Так, так, будь ты моей единственной любовью, если только это возможно, если только ты согласна!
(Должен сказать, что я пишу это нисколько не разгоряченный, — да и от чего мне разгорячаться? Уж шестой день, как я не видел ее, а что теперь имеет на меня какое-нибудь влияние, кроме ее присутствия?)

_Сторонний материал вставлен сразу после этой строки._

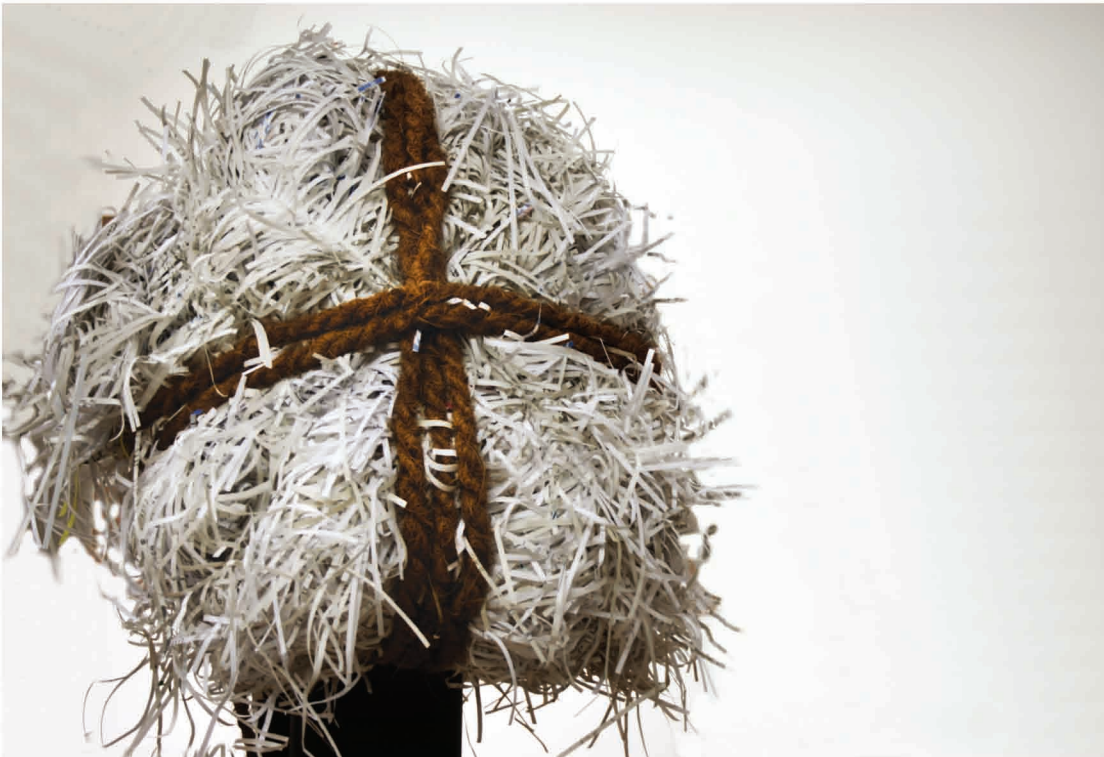
Oben: Kopf, Objekt, 2008, 72 x 60 x 43 cm Rechts: Tanz, Installation, 2008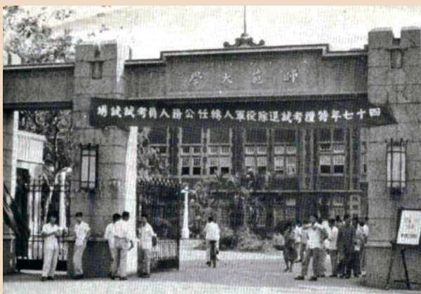
民國47年退除役軍人轉任公務人員特考師大試場。

輔導會在退除役官兵就業輔導方面，係採取自創事業機構安置榮民，以及洽請政府機關學校與公民營事業機構提供職缺輔導榮民就業等兩項途徑辦理，而在轉業至機關學校任公職，因無公務人員任用資格，於民國47年洽商考試院舉辦退除役軍人特考，鼓勵退除役官兵進修，取得公務人員任用資格，增加就業機會。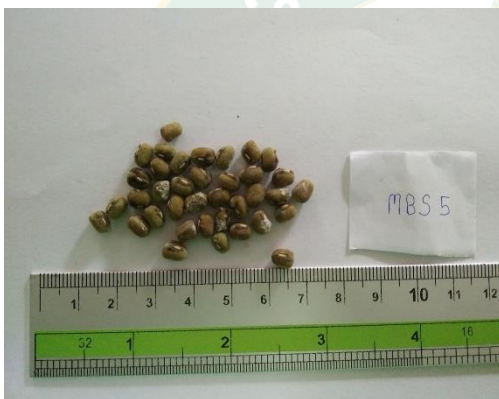
ค.ลักษณะเมล็ดสีเขียวด้าน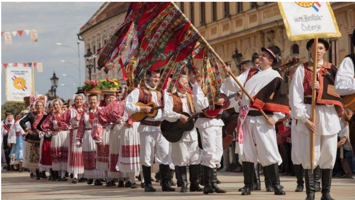
Slika 8. Svečana povorka Vinkovačkih jeseni

Svečani mimohod folklornih skupina, domaćih sudionika i gostiju Smotre izvornoga hrvatskoga folklor privlači pažnju posjetitelja, ali i svih stanovnika Vinkovaca. Tradicionalno se mimohod formira na gradskoj tržnici i ide Zvonimirovom ulicom, Pješaćkom zonom, Trgom bana Šokčevića, Dugom ulicom, Trgom Franje Tuđmana, Genscherovom do stadiona nogometnog kluba Cibalia, te u njemu sudjeluje oko devedeset folklornih skupina iz Hrvatske i okolice, svečane konjske zaprege, konjanici, kandžijaši, kuburaši, mažoretkinje, limena glazba i još mnogi. Dolaskom na stadion se pravi veliko šokačko kolo na atletskoj stazi stadiona i mnogo manjih kola unutar njega. Nakon završetka mimohoda sudionici i posjetitelji mogu zajedno zaplesati Šokačko kolo i Kukurješće.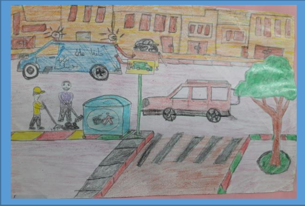
عينه رقم (٢)

Итак, я люблю ее. Я не надеюсь найти другую, к которой бы я мог так сильно привязаться; я даже не могу представить себе, никак не могу представить себе, чтобы могло быть существо более по моему характеру, более по моему сердцу, чтобы какой бы то ни было идеал был выше ее. Она мой идеал, или скажу просто: я не в состоянии представить себе идеала, который был бы выше ее, я не могу даже вообразить себе ничего выше, лучше ее. Она мой идеал, но идеал не потому, чтобы я идеально смотрел на нее: я вижу ее, как она есть, я не украшаю ее в моем воображении, нет — потому что в ней все, что может быть лучшего, все, что может пленять, обворожать, заставить биться радостью и счастьем мое сердце.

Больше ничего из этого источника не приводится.